Exercise. Retype the opening lines of the listing below, ending with the line that contains "Les modifications effectuées", and leave out any pictures.

Dataset extract.

◇ ◇ ◇ ◇ ◇ ◇ ◇

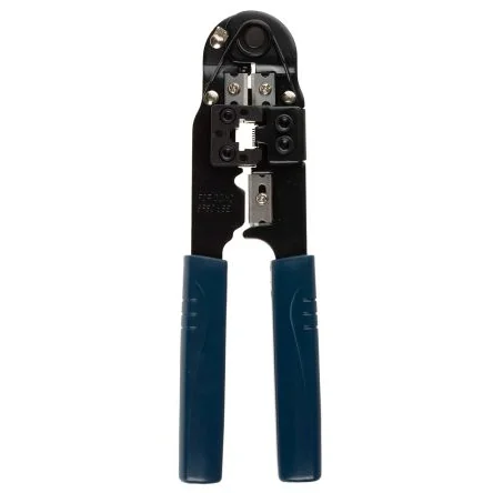 Professional hand crimp tool for RJ45 connectors with built-in cutter and stripper.
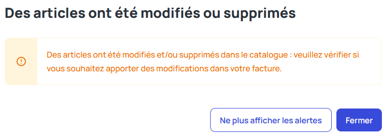 Les modifications effectuées s'appliqueront uniquement sur les nouveaux documents créés (factures et devis). Un message d’information vous indiquera que des articles ont été modifiés, lorsque vous serez sur l’édition d’un document en cours (état Brouillon) :
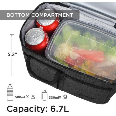 SIZDIRMAZ İÇ - Bento kutunuzdaki çorba veya et suyundan öğle yemeği çantasından sızıp masayı dağıtmaktan daha kötü bir şey yoktur. Isı kaynaklı dikişli iç kısım, Tirrinia öğle yemeği çantasını sızdırmaz ve temizlemesi kolay hale getirir. - ÇİFT KATLI TASARIM - Çift katlı tasarım, yiyeceklerinizi düzenlemenizi kolaylaştırır. Alt katmanda yemek hazırlığı bento kapları veya sandviçler saklayabilirsiniz, üst katman meyve veya içecekleri saklamak için daha uygundur.
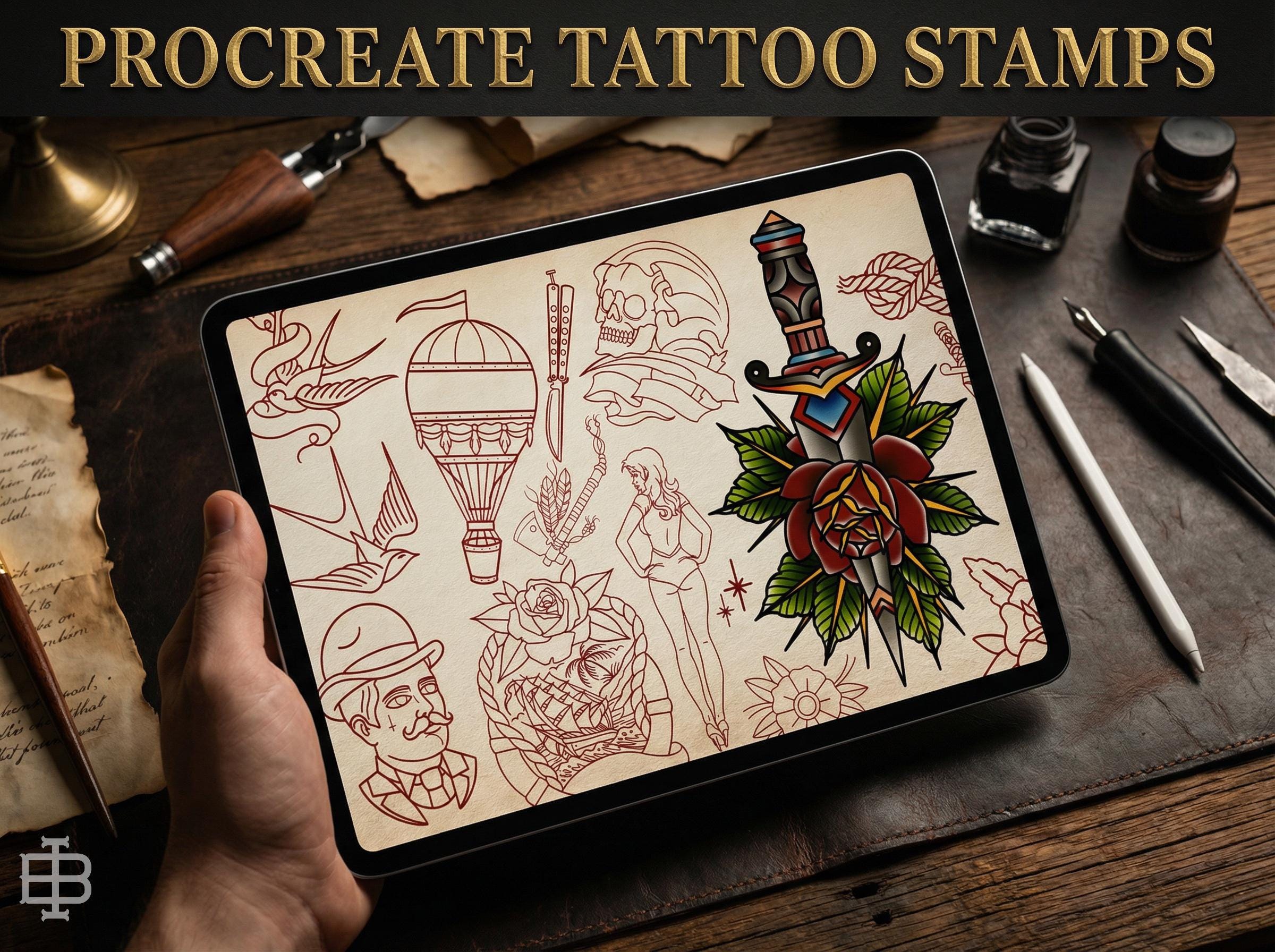Traditional Tattoo Procreate Stamp brushes, Vol. 5, 100 Designs (Digital Download) studio stencils

◇ ◇ ◇ ◇ ◇ ◇ ◇

Result of the task.
 Professional hand crimp tool for RJ45 connectors with built-in cutter and stripper.
 Les modifications effectuées s'appliqueront uniquement sur les nouveaux documents créés (factures et devis). Un message d’information vous indiquera que des articles ont été modifiés, lorsque vous serez sur l’édition d’un document en cours (état Brouillon) :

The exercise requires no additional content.